第22話 青年、会いたくない顔と

 月子さんに、私たちの関係について確認したほうがいい――そう強く思う。

 しかし私には無理だった。

 断られるのが怖い。

 これに尽きる。

 振られるのが怖いのだ。

 散策する最中も乗り合い牛車に揺られる最中も、私は振られるのが怖くてなんら確認をせず、夜道で月子さんを送るため並んで歩いていた。

 こういうとき、もてる男ならどんな振る舞いをするのか、そんなものは知らない。

 あいにくもてたことなどないし、びくびくしながら確認するのなら、さっきまで見てきた飴細工の実演販売の話をしたほうがずっと楽しい。

 そう思ってしまうのは、私が月子さんに本気になっているということだった。

 月子さんのお宅のあるあたりは、私の住まいと違って周囲に民家も街灯もたくさんある。私の住まいのあたりと違い、なにかあったら誰かしらの耳に物音が届きそうだ――が、夜道を月子さんひとりで帰したくなかった。

 家が見えてきたあたりで、私は足を止めた。

「月子さん、僕は」

 ここで、といいかけたが、わりと近い場所でほぎゃあ、と聞こえて口を閉ざす。逆にあたりを気にしたのは月子さんだ。

「いまの声、なにかしら」

「ああ、銀魚だと……思うのですが」

 ――月子さんは耳にしたことがないらしい。

 私は何度も聞いているもので、あの声を聞くだけで一二三さんを連想してしまう。

 声は近づき、求めなくてもその姿を確認できた。

 銀魚の綱をにぎった一二三さんだ。

 おそらく彼なのだろうと思っていた私は、月子さんに気取られないように息をついていた。

「おや、皮剥さんこんばんは」

 親しげで、白々しい声だった。

 待ち伏せをされていた、と思ってしまう。

 なにかいってやりたい、とうまい言葉を探すが、一途くんと火立くんの応酬を思い出すだけである。

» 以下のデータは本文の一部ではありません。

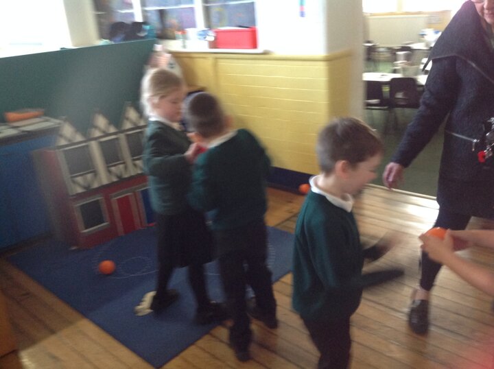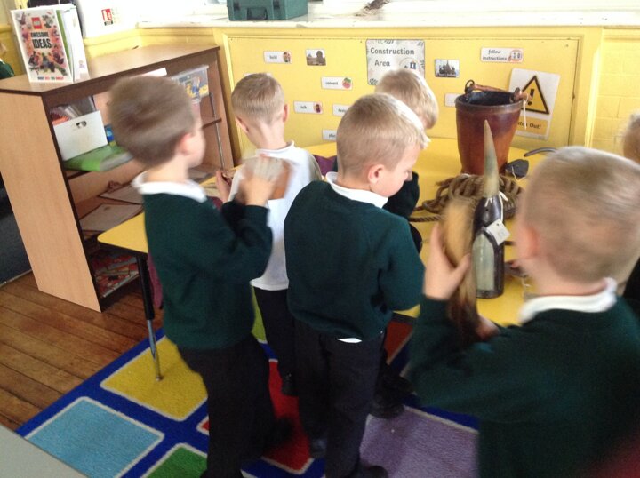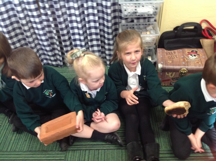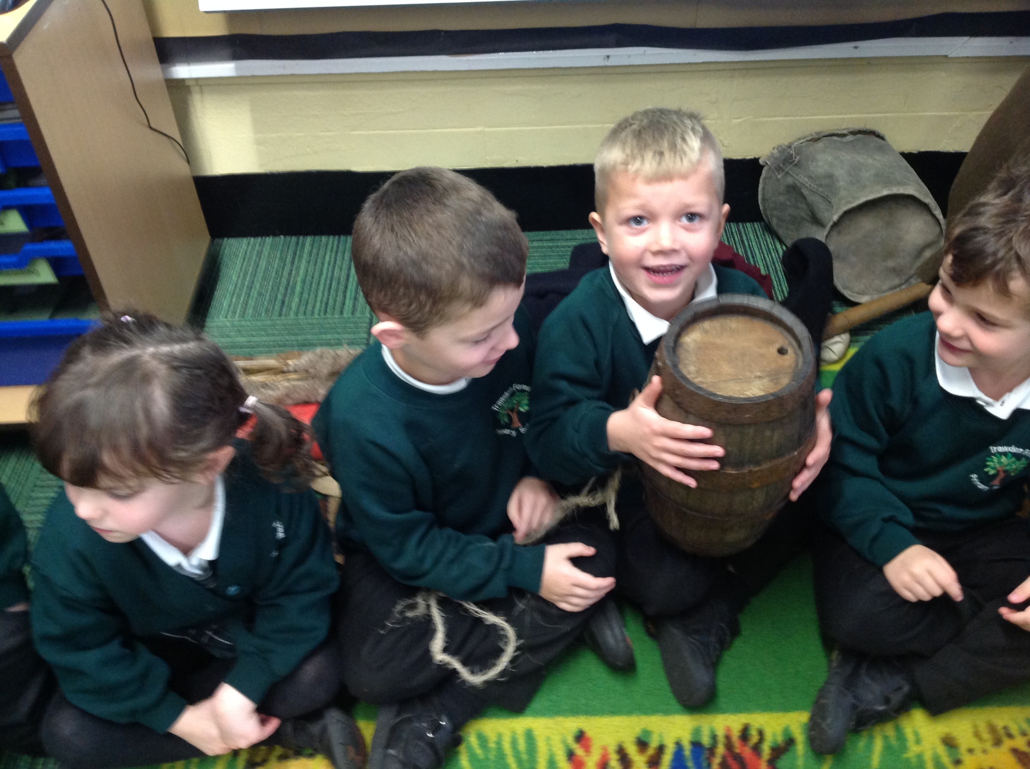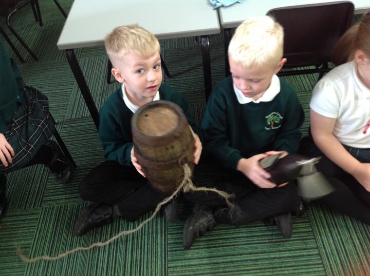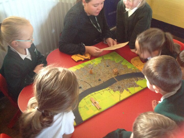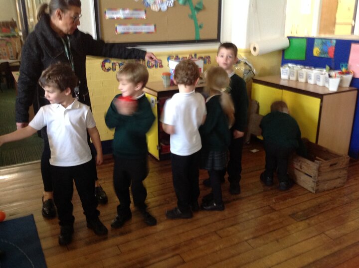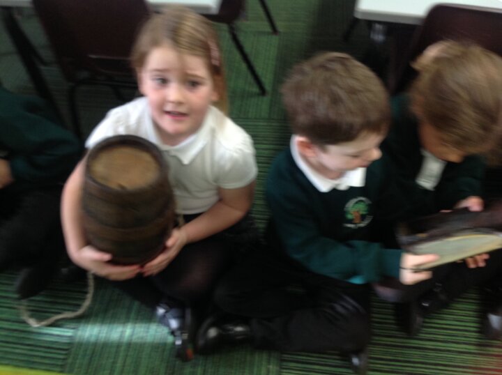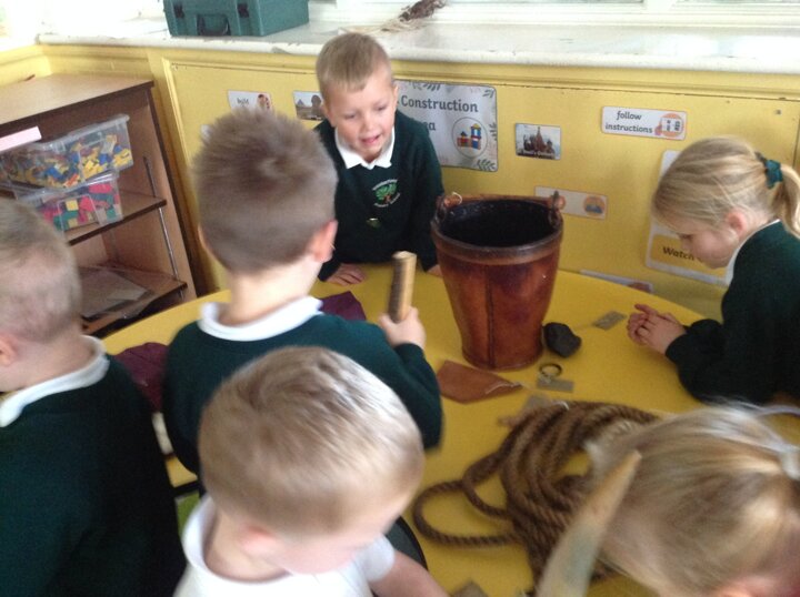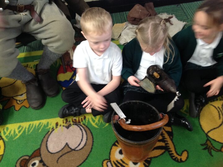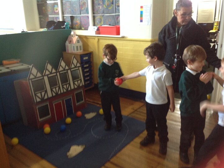 We heard what happened in the fire and some of the reasons it was so big. The children got to look at and feel some artefacts from the time of the great fire and we saw how easily just 1 spark could cause a fire. We pretended to be houses and spread the fire until some were blown up to make a fire break. We explored toys from the time, matched artefacts to materials and played a Fire of London game. We also tried to build a period house and enjoyed passing buckets (balls) to put out the fire.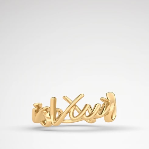 L'anello LV Script è ispirato all'elegante firma della Maison presentata durante la sfilata Primavera-Estate 2025. La luminosa fascetta in metallo dorato presenta il logo di Louis Vuitton in raffinato corsivo. La creazione di tendenza può impreziosire qualsiasi look casual o formale.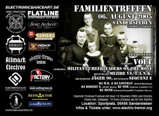 Some festivals surely do deserve the first prize for creating original posters (see above) ! Taking place in Sandersleben (Anhalt) - Germany from August 3 until August 5 is the open-air Familientreffen-Festival organised by the oldschool EBM organisation Electric Tremor. During the first two days you will be able to see 16 oldschool bands live at work including an almost complete Scandinavian line-up on day 2. The line-up for the complete fest is as follows....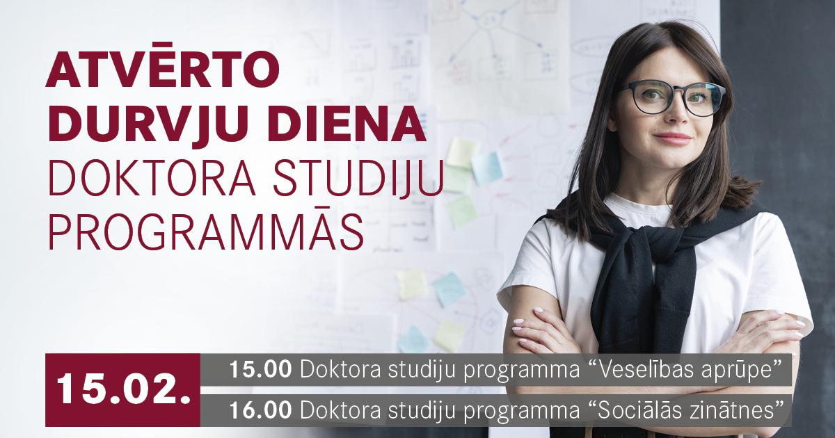 Rīgas Stradiņa universitāte aicina doktora studiju programmu reflektantus piedalīties Atvērto durvju dienā, kas notiks tiešsaistē ceturtdien, 15. februārī, plkst 15.00, piedāvājot padziļinātu ieskatu universitātes studiju programmās un pētniecībā.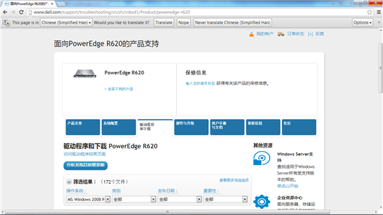 1. 访问戴尔技术支持的官方网站:http://www.dell.com/support/home/cn/zh/cnbsd1?c=cn&l=zh&s=bsd,产品类别选择“服务器、存储和联网设备”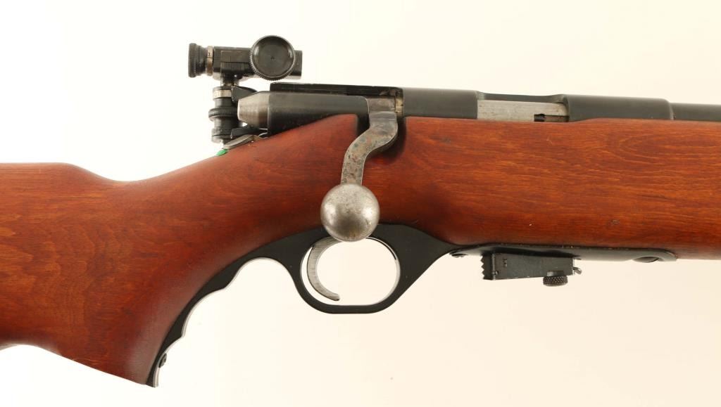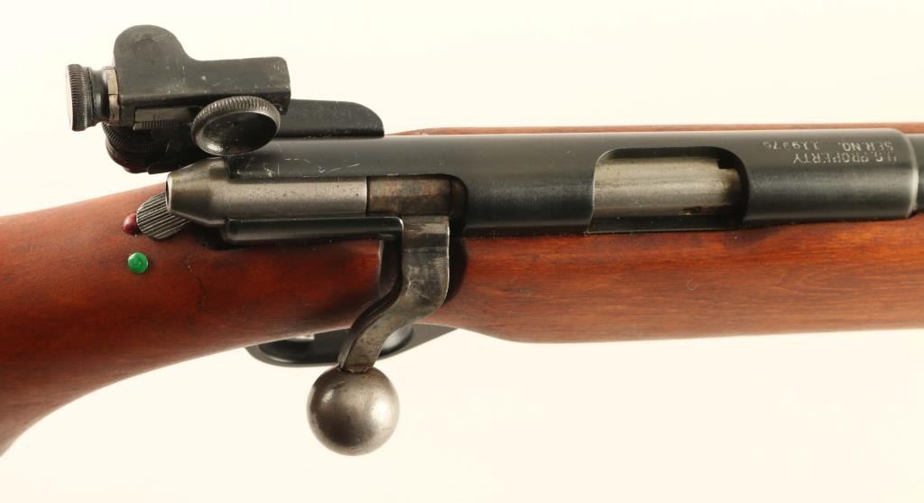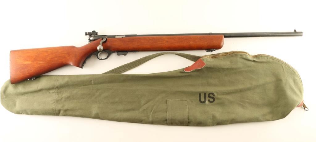 “U.S. PROPERTY" Marked magazine fed bolt action training rifle chambered in .22 Long Rifle, manufactured in New Haven, CT circa 1943-1949. Features a blued finish, 26" medium-contour round barrel, dovetailed blade front sight, receiver mounted Mossberg Microclick S-100 adjustable aperture sight, serrated trigger, synthetic trigger guard with finger grooves, cocked indicator on the rear of the bolt, manual safety on the rear of the receiver, case hardened bent bolt handle with round knob, detachable 7 round magazine with removable 1 round limiter, and smooth semi-pistol grip birch shoulder stock with sling swivels & serrated metal buttplate. Includes a “US” marked green rifle cover. Rifle retains approximately 90% of its blued finish showing wear and some scattered pitting on the barrel towards the muzzle. Action is sound, the bore is pristine, the markings are very good and the wood stock is very good with some dings & scratches. Condition is NRA Very Good. ***C&R Firearm***
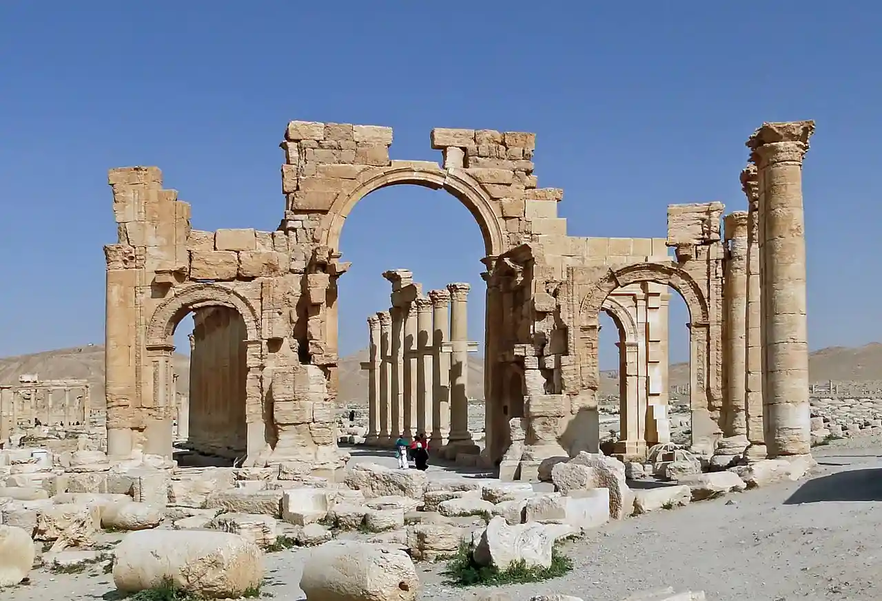 The Monumental Arch, also called the Arch of Triumph () or the Arch of Septimius Severus, was an ornamental archway in Palmyra, Syria. It was built in the 3rd century during the reign of emperor Septimius Severus. Its ruins later became one of the main attractions of Palmyra until it was officially destroyed by the ISIS in 2015. Most of its stonework still survives and there are plans to rebuild it using anastylosis. Read more on Wikipedia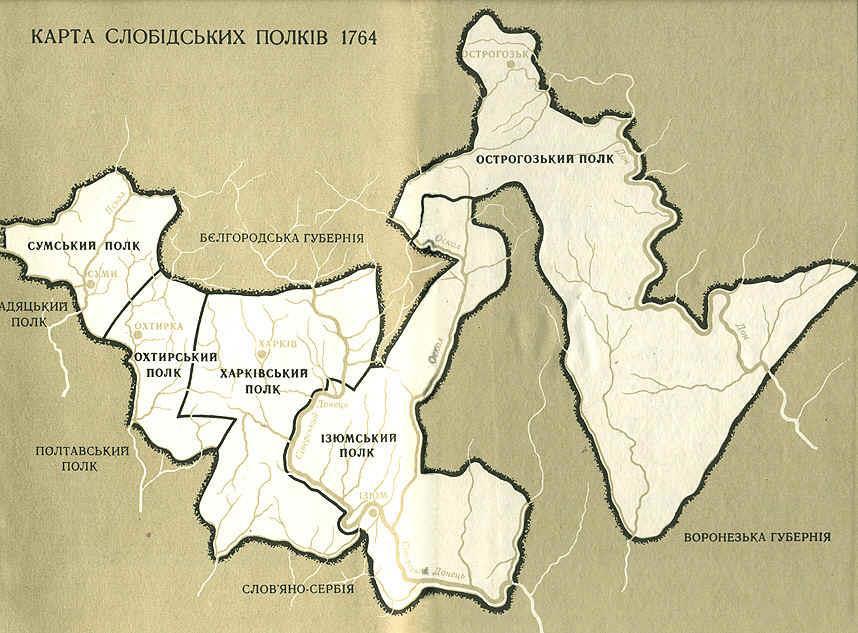 Слобожанщина располагалась на территории современной Харьковской области, а также районов Донецкой, Луганской и Сумской областей, плюс части Белгородской и Воронежской:
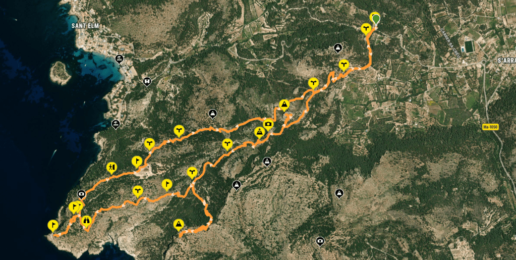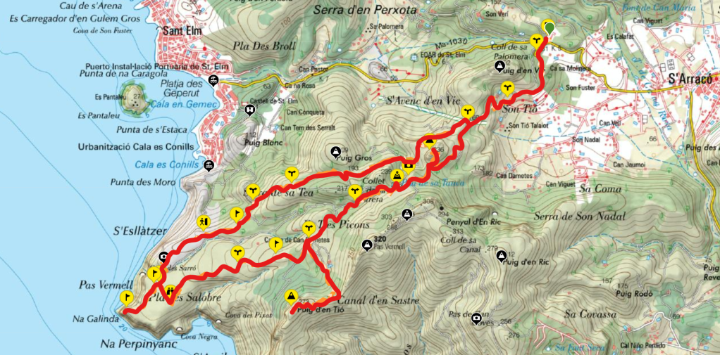 El punto de inicio de este itinerario lo he situado en el cementerio de s’Arracó, situado a las afueras de este pueblo, a la altura del kilómetro 5 de la carretera Ma-1030 que une esa localidad con Sant Elm. Dejamos aparcados nuestros coches en el parking de ese lugar y comenzamos a caminar por la carretera dirección Sant Elm. Unos cien metros más arriba, cuando la carretera traza una curva cerrada a la derecha, la abandonamos para tomar el camino que sale por nuestra izquierda. Un poste metálico de color verde indica “Barri Son Tió”.
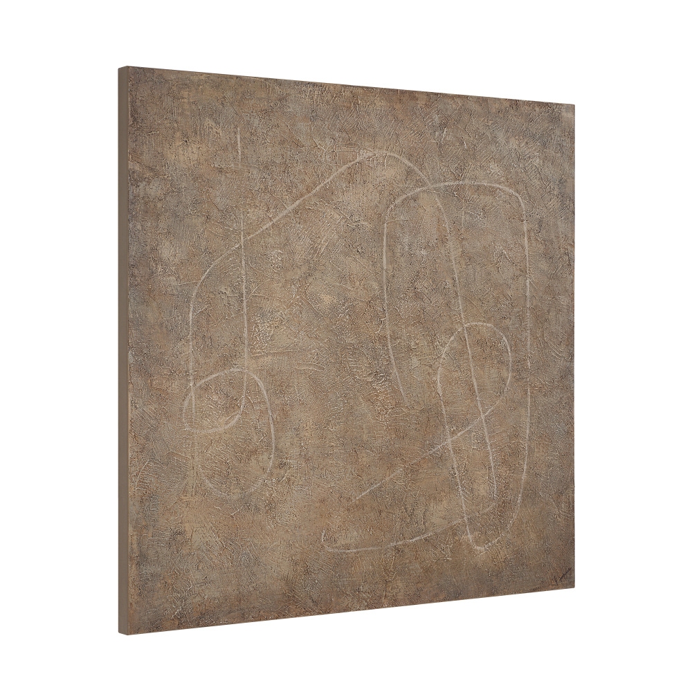 Minimalist in its aesthetic and timeless in its palette, this modern canvas wall art is poised to deliver an unforgettable impact to any contemporary interior. Hand painted on high-quality cotton canvas that’s stretched with a continuous edge, this frameless painting has a gallery feel that will elevate any room lucky enough to have it.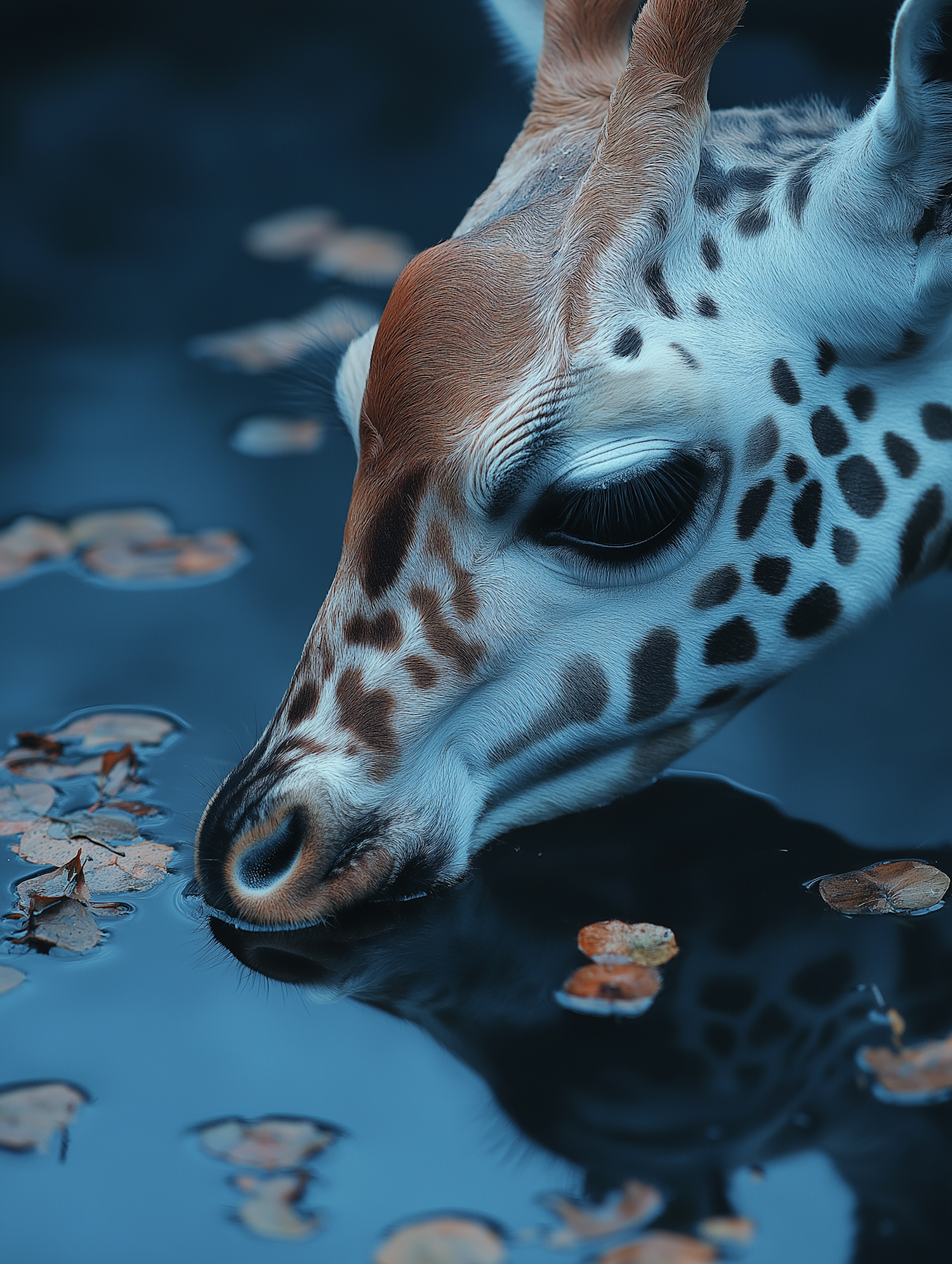 Close-up of a giraffe drinking from a reflective water surface, surrounded by floating leaves, in a serene, blue-toned setting.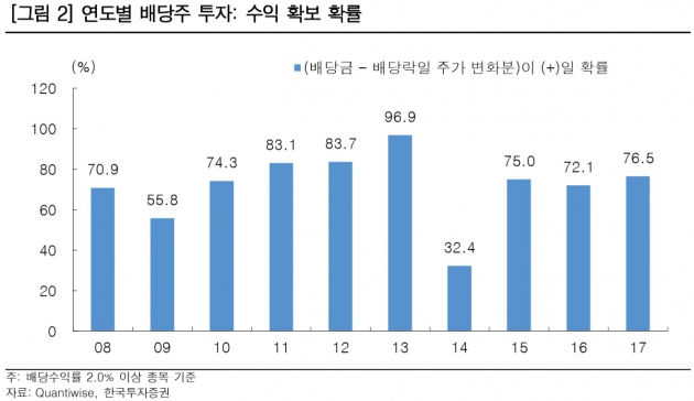 김 연구원은 "96.9%의 확률로 배당금이 배당락일 주가 하락분보다 높았다"며 "최근 10년 평균으로는 배당수익률 2% 이상 고배당주의 70%가 수익을 얻었다"고 했다.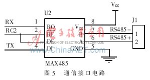 為了使控制器能夠方便地與上層控制平臺進行聯網通信,實現控制器的遠程控制、遠程監控等功能,本設計為控制器添加了通信接口,采用簡單經濟、廣泛應用于工業上的RS485總線與外界進行通信。RS485采用差分信號進行傳輸,有較好的抗干擾能力,通過轉換模塊很容易實現從RS485到RS232的信號轉換,從而便于和上位計算機通信。選用了Maxim公司的MAX485芯片作為通信控制的主要器件,其工作電源為+5V,采用半雙工通信方式,能夠將TTL電平轉換為RS485電平,內部包含了1個驅動器和1個收發器,通過串口可以方便地與PIC16F884進行通信。MAX485的接口電路如圖5所示。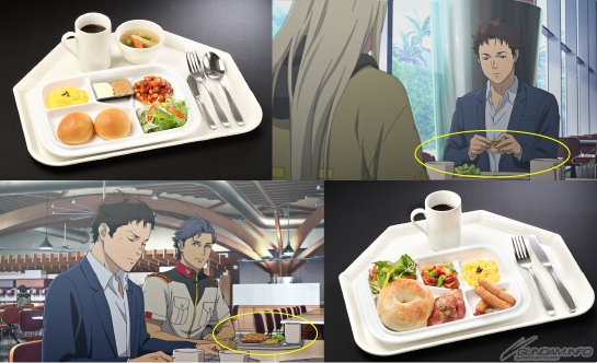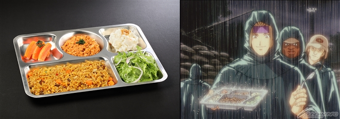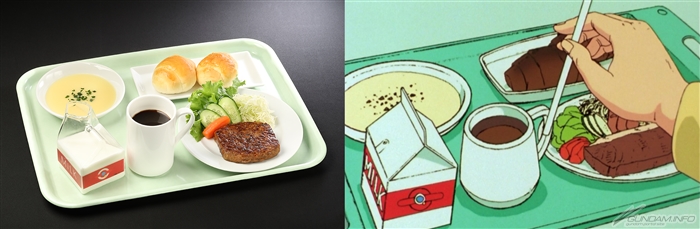 “再现餐点”是从作品中的用餐场景,撷取“食材的尺寸感”“量”“摆盘方式”“餐具的质感”“时代背景”,在SUNRISE的监修下进行开发,经过些微的调整后完成,是花费非常多心思制作的餐点。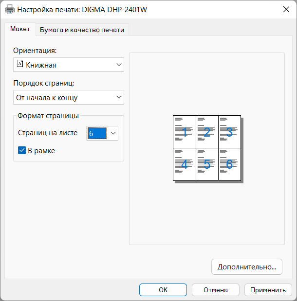 На первой закладке основного окна задаются: ориентация, порядок вывода страниц многостраничных документов, также можно размещать от 2 до 16 уменьшенных страниц на одном листе (кому и зачем нужны 16 картинок, на которых ничего нельзя разобрать — вопрос отдельный, но подобная функция у печатающих устройств встречается часто).

 彼らのような、親しさに裏打ちされたやり取りはできそうにない。

「皮剥さん、お知り合いの方ですか?」

 月子さんの囁くような問いに、私は首をかしげる。

「どちらかというと、私より硫黄さんのほうがご存じのようです――一二三さん、こんばんは」

 ほぎゃ、と鳴く銀魚の声とともに、一二三さんがこちらに近づく。

「ああ、そちらのお嬢さんは、硫黄さんの姪御さんですね」

 私は考えもなしに、月子さんと近づいてくる一二三さんの間に身体をすべりこませていた。

 身体が動いてから、月子さんに近づいたり話しかけたりしないでほしいのだ、と自分の行動に意味づけをする。

 法からすれば、一途くんは追われるべきものだ。

 一途くんだけでなく、私も。

 自分のことだから、それは棚に上げることにする。ついでに一途くんのことも棚に上げてしまおう。

「月子さん、こちらの方は警備隊に勤めていらっしゃって、一二三さんとおっしゃいます。硫黄さんがお仕事の手伝いをされてるみたいです」

 悪いことなどなにもしていない、と開き直ってみることにした。そうすると、緊張がすっと軽くなった。口が楽に動く。

「そうなんですか、硫黄おじさんがお世話になって……」

 一二三さんが口を開く前に、私はまくし立てるようにする。

「なんでも一二三さんは、私の友達が化けものとかかわってるんじゃないか、って疑ってるんですよ」

「まあ、怖いことおっしゃるんですね」

 月子さんが口をあんぐりと開けた。

 友達である一途くんだけでなく、私もすでにかかわっている。彼女の素直な反応に、胸が苦しくなった。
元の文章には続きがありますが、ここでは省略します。